Monday, January 20, 2014

Sochi poem

Russia Beyond the Headlines is an international outlet for le poutinisme, somewhat less sophisticated than Russia Today—it features stories like

Put Putin on your fridge door

 and

Olympic beauty: Sochi girls to meet world famous athletes


Their haiku project backfired a little bit, leading to a "special blog" on BuzzFeed instead, and poems quite unlike the ones RBTH presumably envisaged:
Krasnaya Polyana, Sochi. Via Wikipedia.
A prominent subtheme in that trend was that of the most famous event in Sochi history, the massacres of Adyghe people (also known as Circassians) at the height of the genocidal campaign of the Russian Empire to expel the indigenous peoples of the coastal Caucasus (Adyghe, Ubykh, Abkhaz, and Abaza), in 1864, or exactly 150 years ago, possibly in the same Red Glade (Krasnaya Polyana) where the Russian generals announced the end of the wars that year, and where the skiing events are scheduled to take place in February's Winter Olympics—as if the Games had been meant to celebrate the sesquicentennial.

That's not as much of a stretch as it may sound: beating up on Caucasians, especially Chechen and Dagestani, is a huge part of the way the Putin government establishes its neo-Tsarist cred.

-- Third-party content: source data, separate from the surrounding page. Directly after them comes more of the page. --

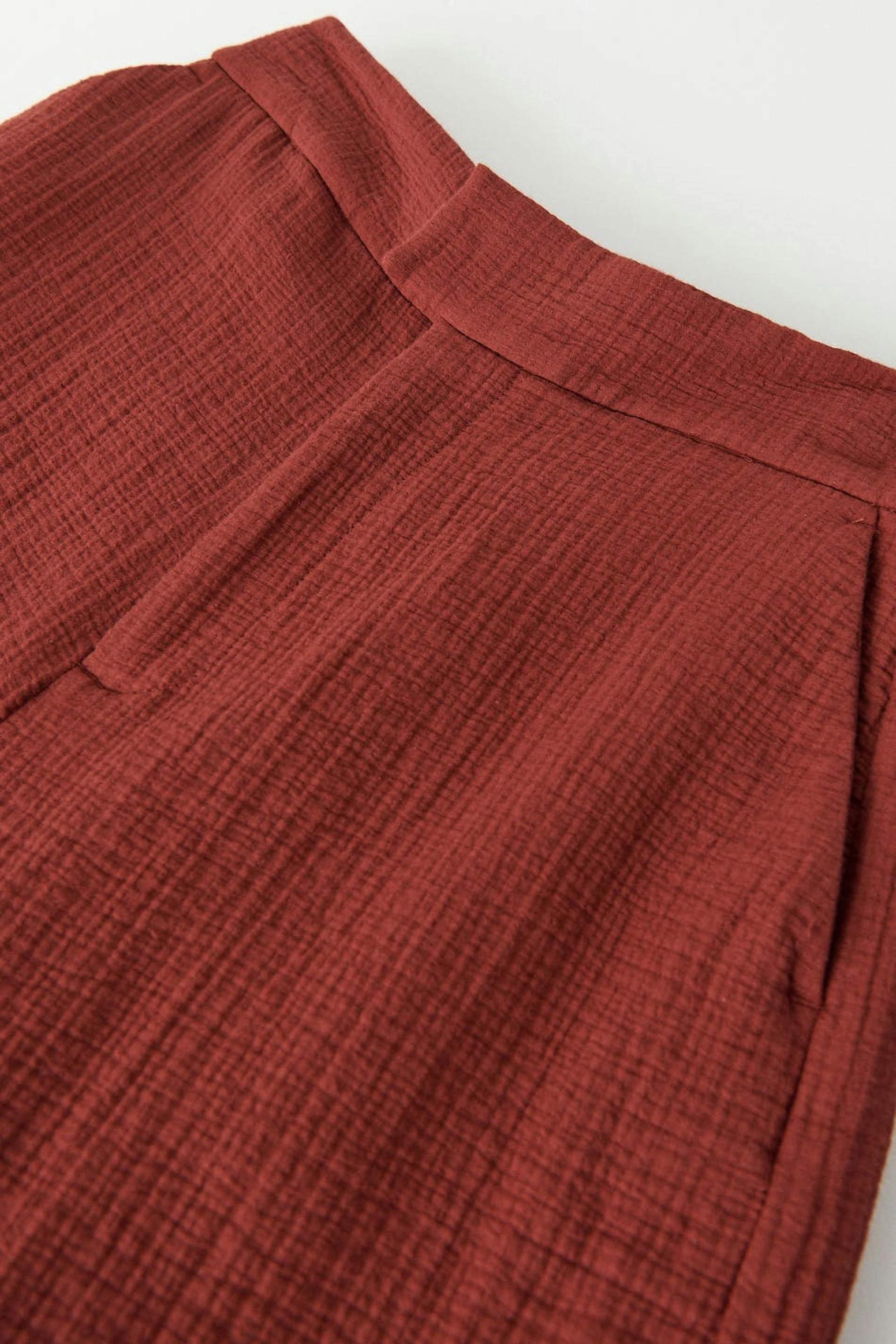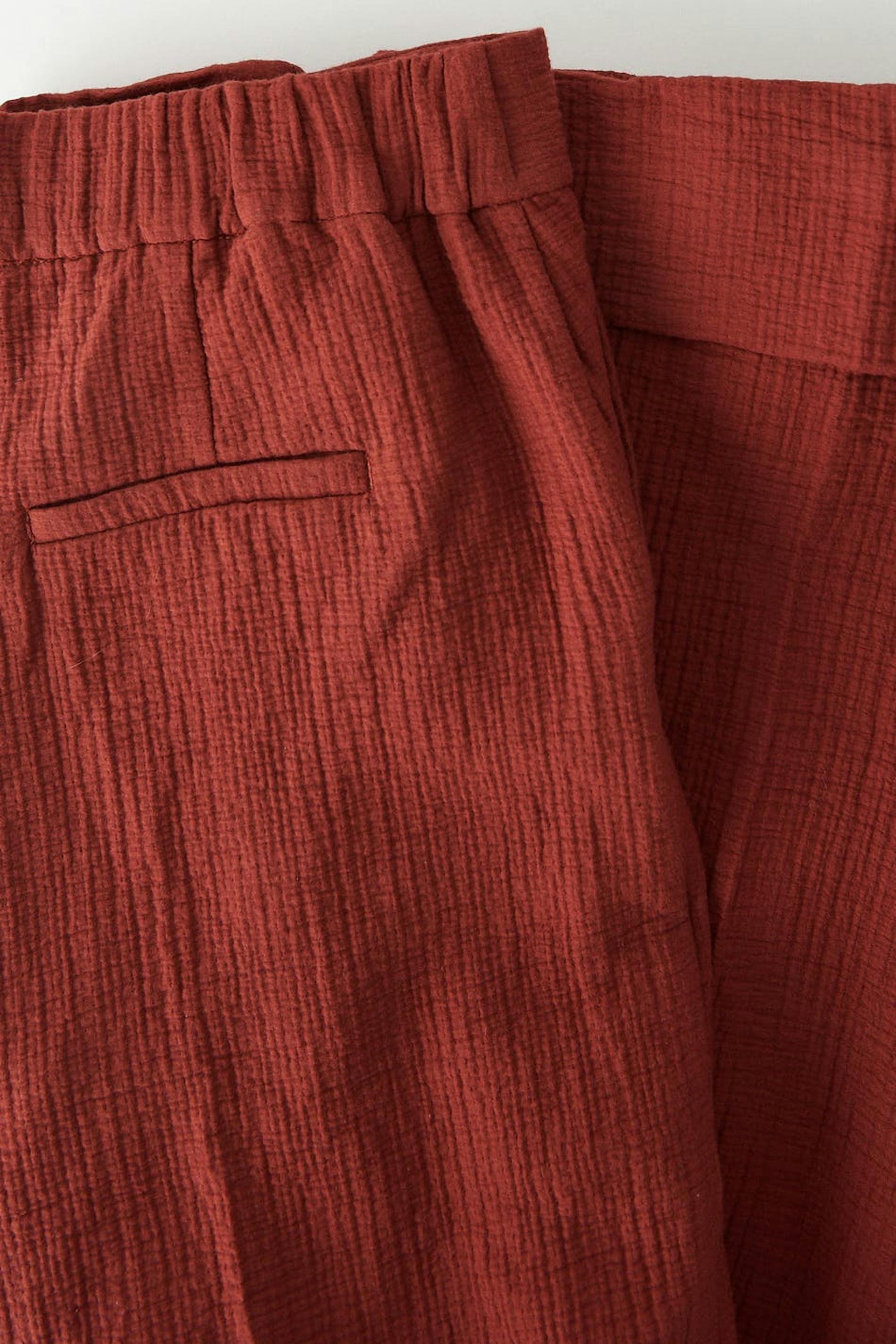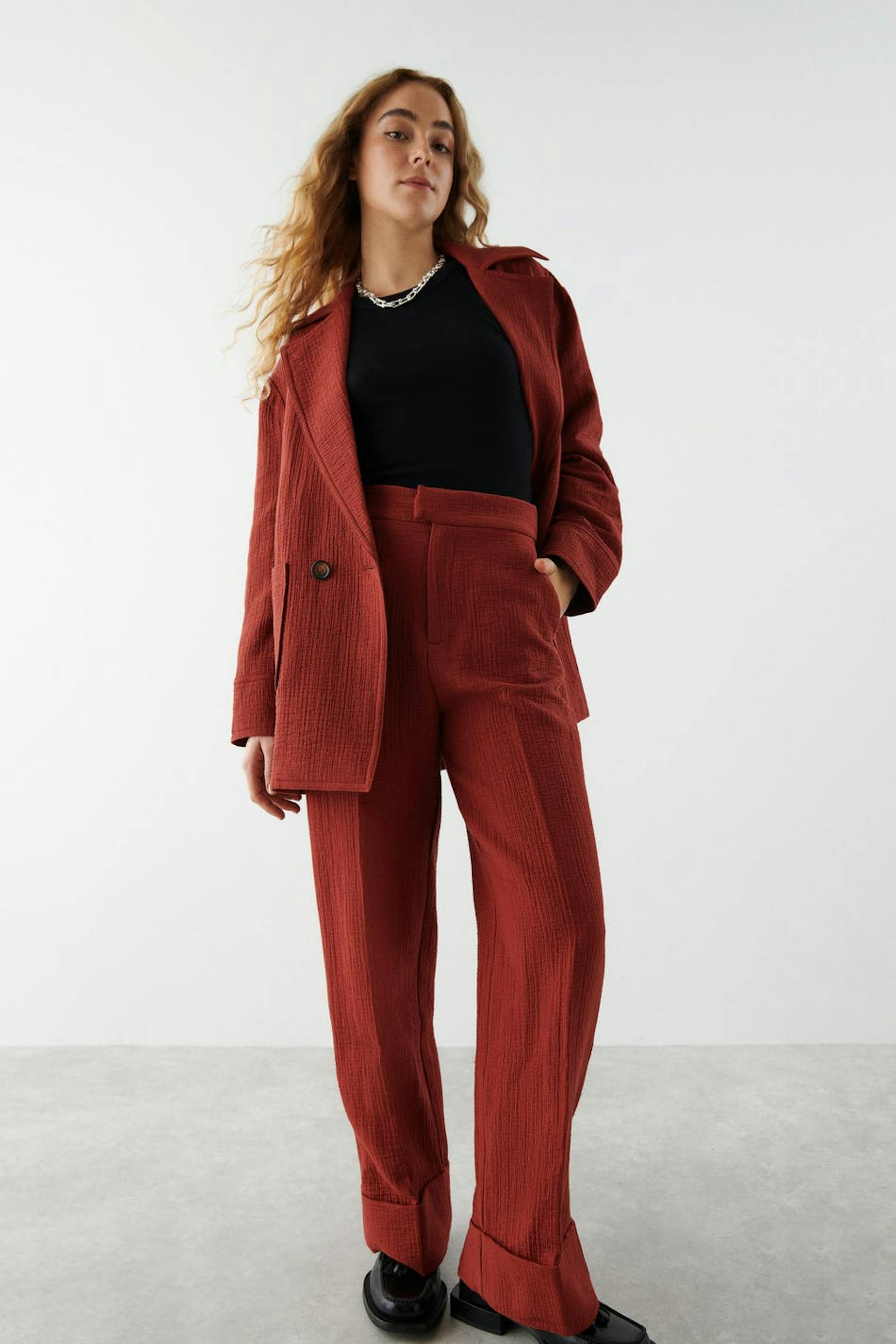 Leveät puvunhousut korkealla vyötäröllä. Housut ovat punaisia ja niissä on laskokset edessä ja takana. Niissä on taskut sivuissa, viiltotasku takana, kuminauha vyötärön takaosassa ja korkeat hihansuut lahkeiden lopuissa.
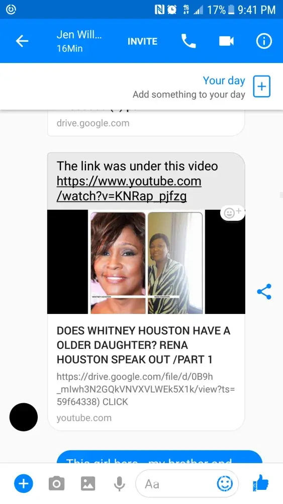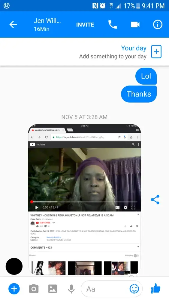 My sister has a mental illiness and has for years. I was sent several links to essie berry website. She has been posting videos of a women claiming to be whitney houstons daughter, and leolah brown stole bobby christina dna. Thr most recent one is rena Houston is a scam artist. I have asked several times that she take theses videos down and she has not. I am asking for help because now she has caused deformation of character on me calling me a liar and all did was try to ecplain that my mentally ill SISTER was lying. And my family been dealing with this 4 9 years. Please remove all videos with rena houston and whitney houston has a daughter, our family is resuing legal remedies at this time over 15k people have been these videos and we have been receiving death threats behind these lies she continues to help my mentally ill sister spread. If they are not removed we will assume u are in agreement with her and we will include u in the legal remedies. Thanks so much.
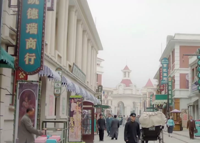 古老的街巷在夕阳下闪烁着金铜色的光辉,仿佛穿越了时空的隧道,将人们带入了一个昔日的繁华梦境。两侧,古色古香的建筑林立,绿色的琉璃瓦如波浪般起伏,红漆的木构架在岁月的洗礼下更显沉稳。一座座白色的装饰点缀在红色尖顶的塔楼上,如同点睛之笔,让这些建筑在静谧中透出一丝活泼。
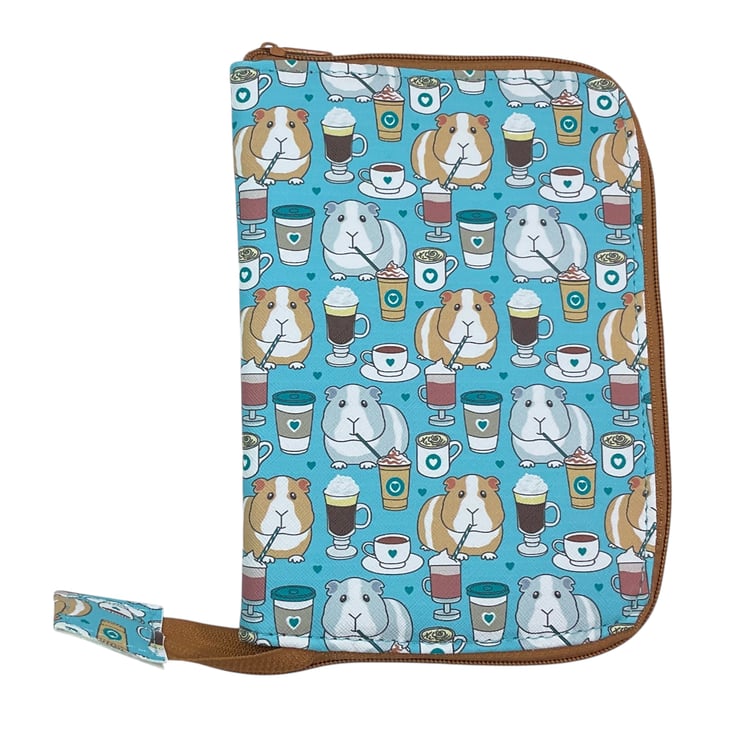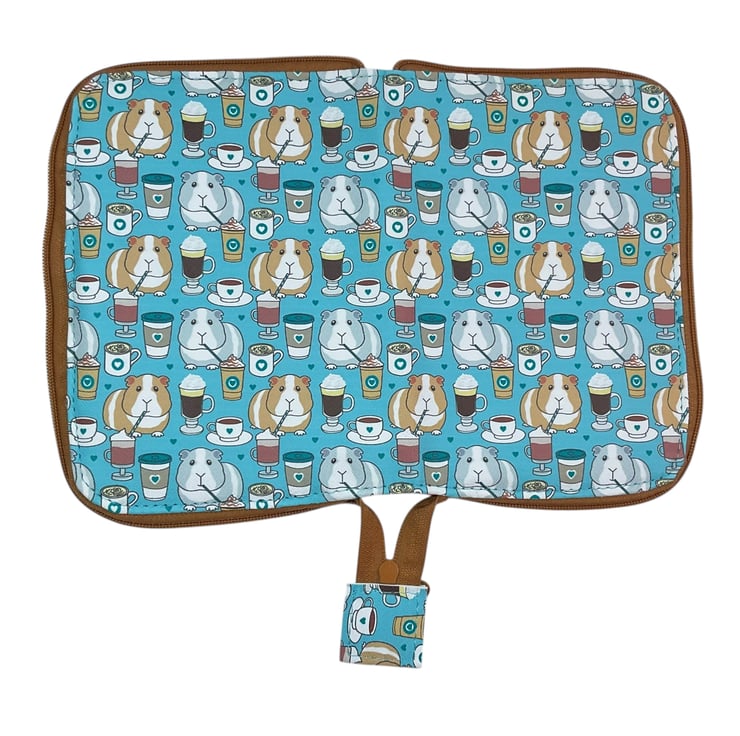 The case is made in the cutest guinea pig and coffee cups patterned faux leather fabric on a turquoise background. I have fully lined the case in a red water resistant canvas. On the opposite side is a generously sized zip pocket that will easily hold several cables.
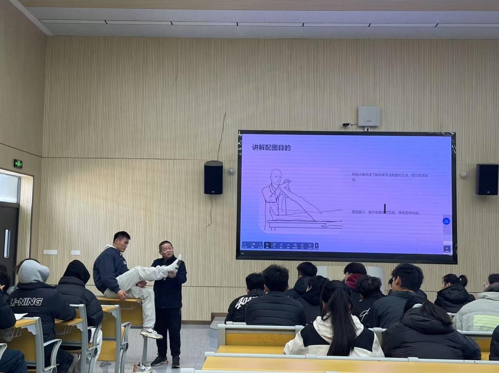 晋伟老师给同学们介绍了人体穴位,并对常见运动损伤的成因及康复按摩手法进行实操展示。此次讲座不仅提升了社会体育指导与管理专业学生的专业素养,也为其未来就业开拓了思路。
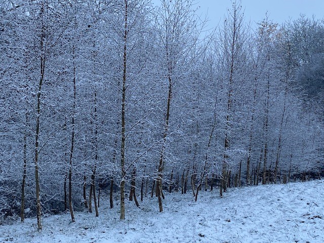 I’ve written before about planting trees in the rented field next to my home. It all began in the winter holidays of 2015-16 when I started with oak, holly, dogwood, hazel and beech in circles of varying sizes, plus 100 birches in a ‘Norwegian Wood’ along the field boundary. Later came archways of hornbeam, and a double row of Scots pines. Subsequently I’ve added single specimens of Californian Pine, Ocean Redwood, Quercus Ilex, and Cedar of Lebanon. Plus Juniper, Betula Jacquemontii, Betula Hergest, flowering silver pear and slow growing conifers – all of these in groups of three. Various attempts to establish groups of Yew, Lonicera and Fatsia have been largely unsuccessful.
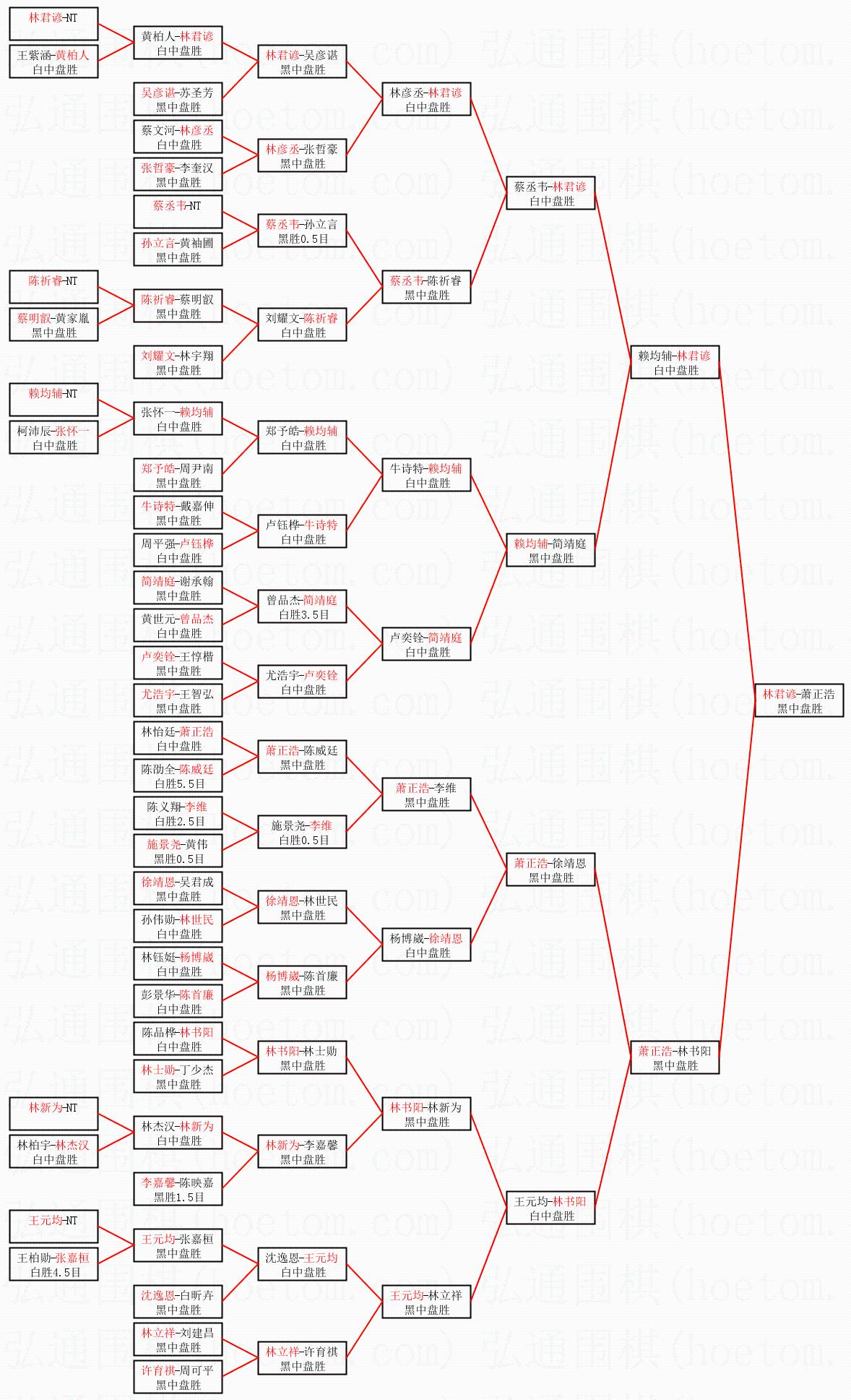 1.林君谚获得冠军,萧正浩获得亚军。决赛比分:林君谚2:1萧正浩。棋局:
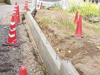 基礎も支柱部分にしかなく、路肩に砂や砂利がでてしまっている状態でした。
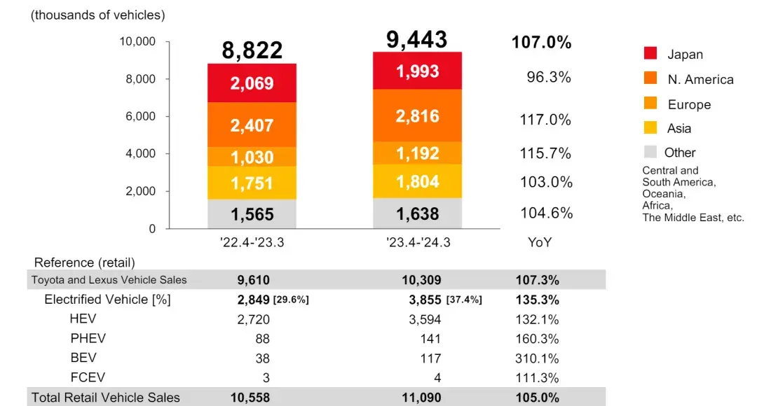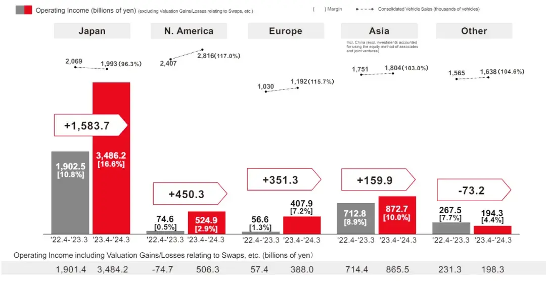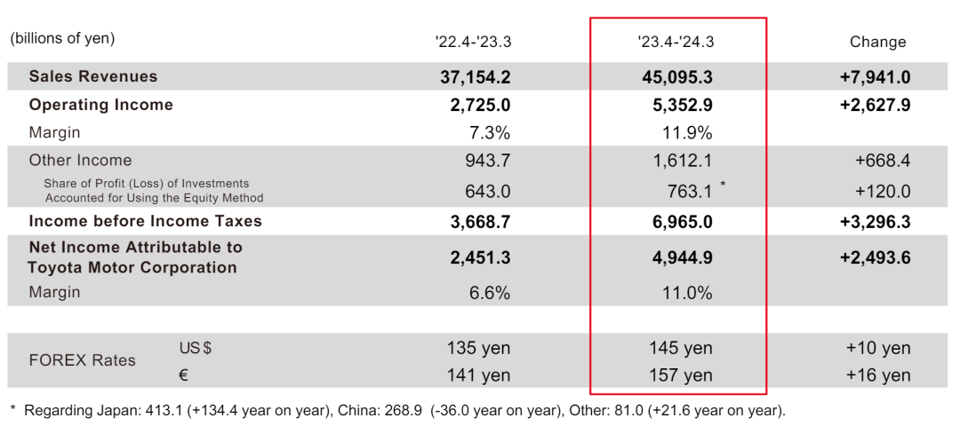 這個數據當然比FY2021-FY2023財年要好點,但是確實是去年不可復制。疫情過后供應鏈修復、市場供應回暖,導致前幾年被供應不足壓抑的需求得以釋放,整體車價也比較高。日元疲軟提振了海外銷售的價值,以及市場對其需求的加速增長,也額外提升了豐田以日元計算的收入。
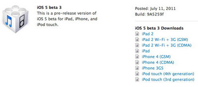 Компания Apple заявила о том, что для загрузки доступна третьей бета-версии iOS 5. Как водится, данная версия прошивки рассчитана на разработчиков, а не на простых пользователей. Сообщается, что это последний предварительный релиз пятого поколения мобильной платформы для iPhone, iPad и iPod touch. По информации разработчиков, успевших загрузить сборку, 9A5259f, пользователи службы iMessage на iOS 5 beta 3 не смогут общаться с пользователями iMessage, у которых установлена версия iOS 5 beta 1. При этом общение между beta 3 и beta 2 осуществляется без каких-либо проблем.Кроме того, сообщается, что в новой бета-версии исправлена ошибка, которая приводила к тому, что после перехода приставки Apple TV в режим скринсейвера заметно ухудшалось качество изображения при транслировании контента через беспроводной стандарт AirPlay. Помимо всего прочего, в новой бета-версии устранена ошибка, когда приложение «Напоминания» не отсылало уведомления при входе или выходе из какого-либо местоположения, если с напоминанием, привязанным к этому местоположению, не было ассоциировано никакой конкретной даты.
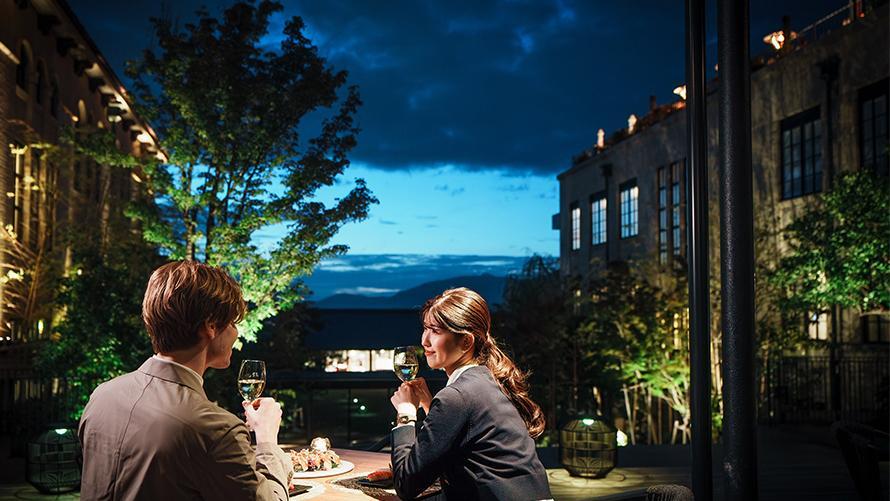 レストラン・ライブラリーに併設されたオープンテラスでも、ライトアップされたホテルの煌めくコートヤードを見ながら食事をお楽しみいただけます。
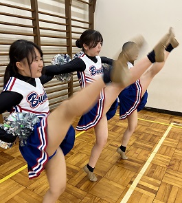 春は、新入生歓迎フェスタ・体育大会入場行進、夏~秋は文華祭の舞台発表や西東京市市民パレードの出場に向けて練習を行っています。活動日:週3回一年を通して発表できるイベントが多くあります。部員は皆仲良く部活動に励んでいます。未経験者でも、ステップやバトンの持ち方から教わって舞台で踊れるようになります。バトンの他にもポンポンや旗を使って踊ります。

Indeed, there is now a connection, in the video produced by an otherwise unknown Dagestani "Ansar al Sunna" claiming responsibility for the suicide bombings that killed 34 people in Volgograd in December and threatening to disrupt the Games:
“We’ll have a surprise package for you,” one of them says, addressing Russian officials. “And those tourists that will come to you, for them, too, we have a surprise.”
Amazingly, the poutiniste newspaper Russia Today has a story about the new Volgograd video that doesn't mention Sochi at all, not so much burying the lede as dissolving it in lye and dumping it in the Caspian—headlined along with two stories about how Sochi is the safest place in the entire known universe. A person who loves talking about terrorism so much he has often been suspected of inventing it, Putin really doesn't want this connection to be made at all in the case of the Olympics.

The movement to remember the Circassian genocide, though, which you can check out at www.nosochi2014.com, is strictly nonviolent, preferring to fight its battles as I prefer myself, with scholarship and art. They are good people to think about today, as we commemorate the 85th birthday (last Wednesday) of Dr. Martin Luther King, Jr. They kindly retweeted my contribution to the #sochihaiku festival, with a helpful annotation.
(Needless to say, I hope and indeed expect that Sochi really will be perfectly safe, and even that Billie Jean, for whom my admiration and respect are undiminished, will have a great time.)